/gcs-unzip

Primary LanguageGoMIT LicenseMIT

gcs-unzip

gcs-unzip is a tool developed in Go for extracting files from archive files on Google Cloud Storage (GCS), downloading the archive file locally, and sequentially uploading the extracted files back to GCS. This approach helps to minimize the required disk space during the extraction process.

Description

gcs-unzip provides a convenient way to extract files from archive files (such as ZIP or 7Z) stored on GCS. The tool downloads the archive file to the local machine, extracts the files, and then sequentially uploads the extracted files back to GCS. This allows for efficient disk space utilization, as the extracted files are uploaded while the archive is being processed, reducing the amount of local disk space required.

Features

  • Extract files from archive files (ZIP and 7Z) stored on Google Cloud Storage (GCS)
  • Downloads the archive file locally and uploads extracted files back to GCS
  • Minimizes required disk space during the extraction process
  • Efficient and scalable extraction process
  • Simple and intuitive command-line interface

Installation

There are multiple ways to install and use gcs-unzip: using the compiled binary, the container image, or downloading from GitHub Releases.

Using the Compiled Binary

To install gcs-unzip using the compiled binary, you can use the go install command:

go install github.com/orisano/gcs-unzip@latest

Make sure you have Go installed and configured correctly.

Using the Container Image

Alternatively, you can use the container image provided at ghcr.io/orisano/gcs-unzip. This method does not require Go to be installed on your machine.

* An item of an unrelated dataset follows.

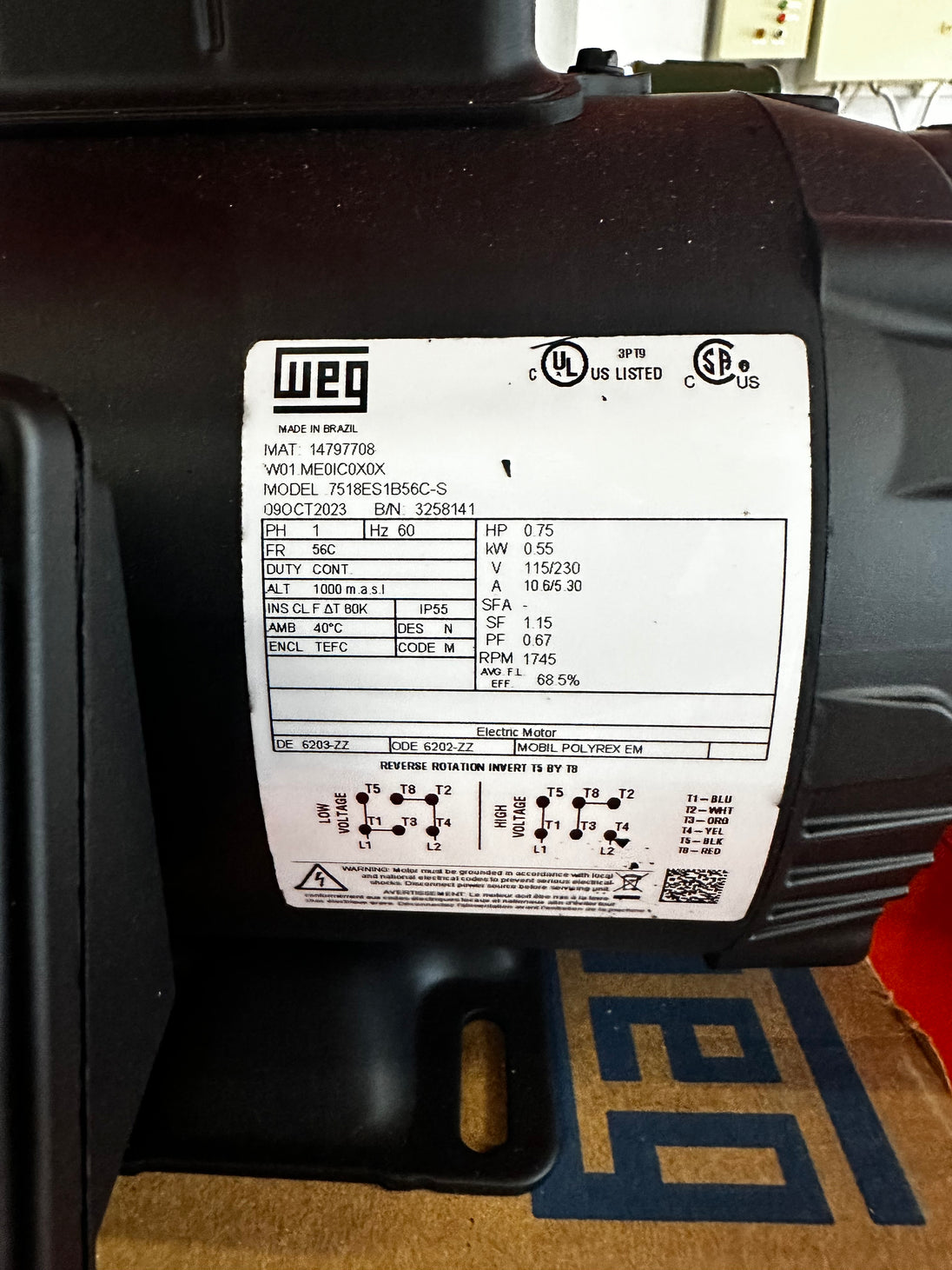 WEG 0.75HP 1800RPM 56C 110/220V Single Phase Rolled Steel C-Face mount

docker pull ghcr.io/orisano/gcs-unzip

Downloading from GitHub Releases

You can also download precompiled binaries from the GitHub Releases page.

  1. Go to the GitHub Releases page.
  2. Download the binary suitable for your operating system.
  3. Place the binary in a directory included in your system's PATH environment variable.

Usage

gcs-unzip is used to extract files from archive files stored on Google Cloud Storage (GCS) and sequentially upload them to GCS.

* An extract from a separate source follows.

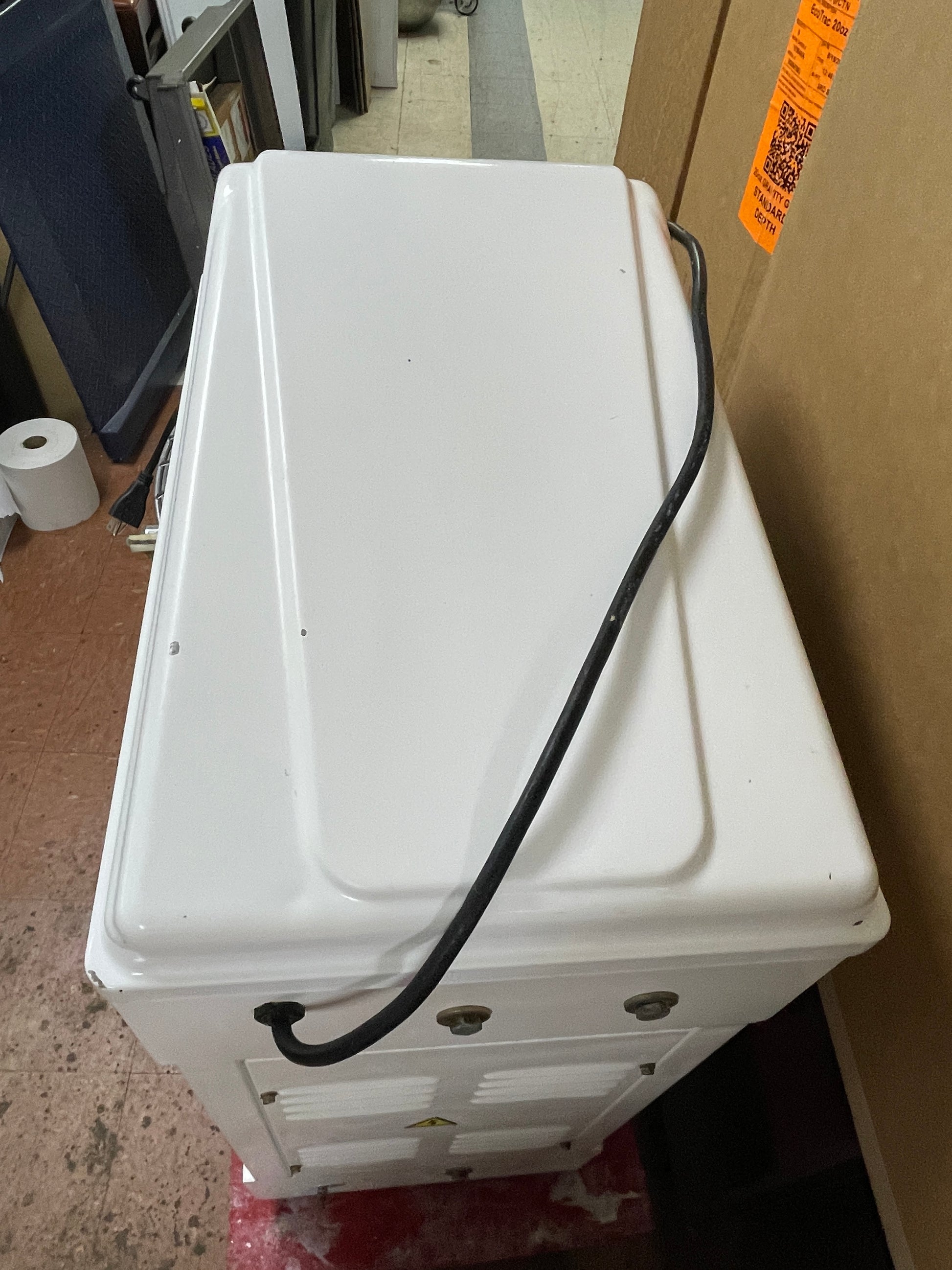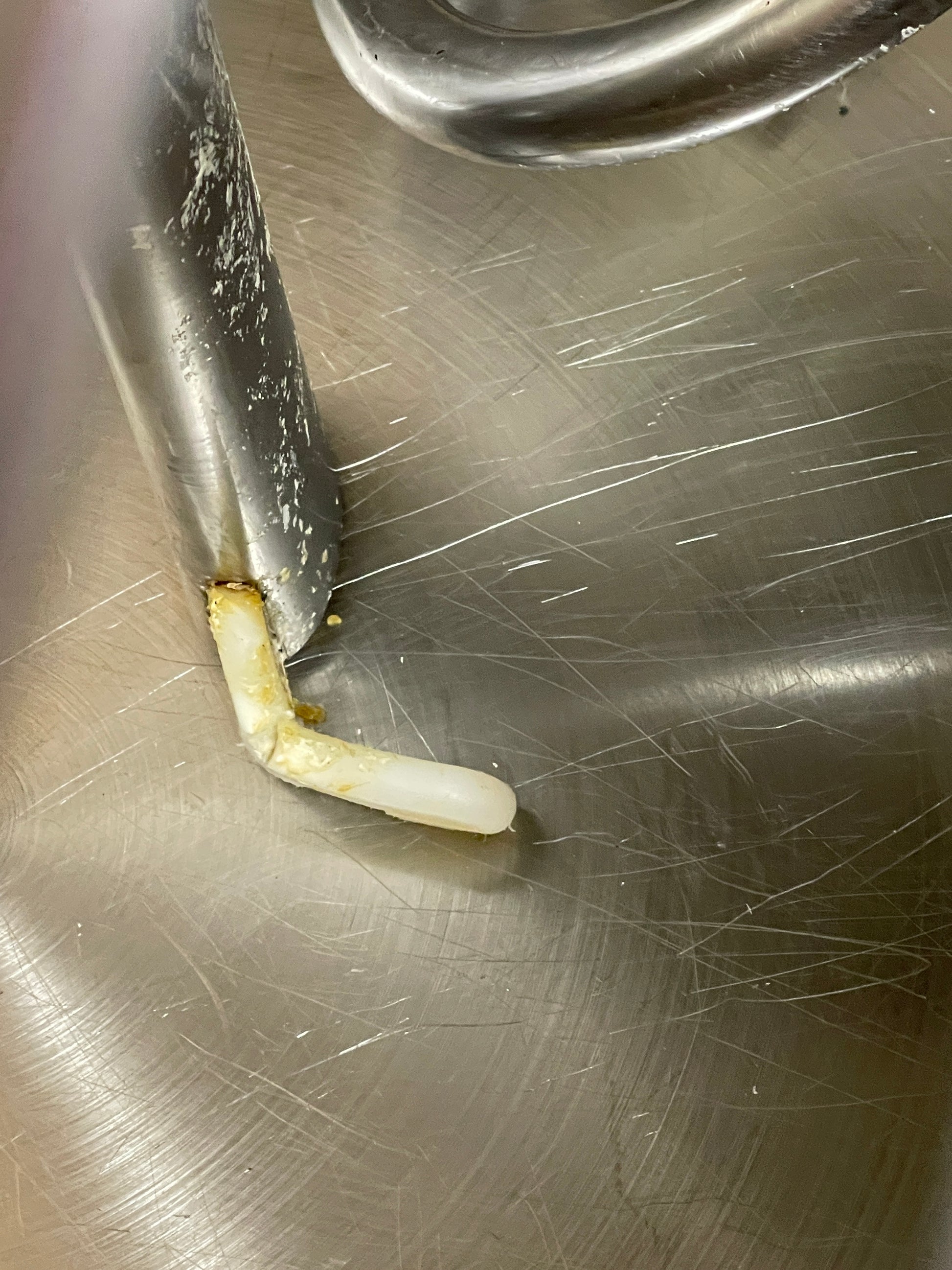This dough mixer is used but has been cleaned and tested. There are some scuffs and scratches from use. The plastic foot on the pole is bent (see pictures) but everything works as it should.

gcs-unzip [OPTIONS] <src> <dest>
  • <src>: The source GCS object in the format <bucket>/<object>. This specifies the archive file to extract from.
  • <dest>: The destination GCS prefix in the format <bucket>/<prefix>. This specifies the location to upload the extracted files.
Options:
  -buf value
    Copy buffer size (default 512k)
  -chunk value
    Upload chunk size (default 16m)
  -disk-limit value
    Disk limit (default 50g)
  -gc int
    Garbage collection interval
  -gzip-ext string
    Comma-separated list of file extensions to gzip before uploading
  -n int
    Number of goroutines for uploading (default 24)
  -tmp-dir string
    Temporary directory
  -v Show verbose output

License

This project is licensed under the MIT License.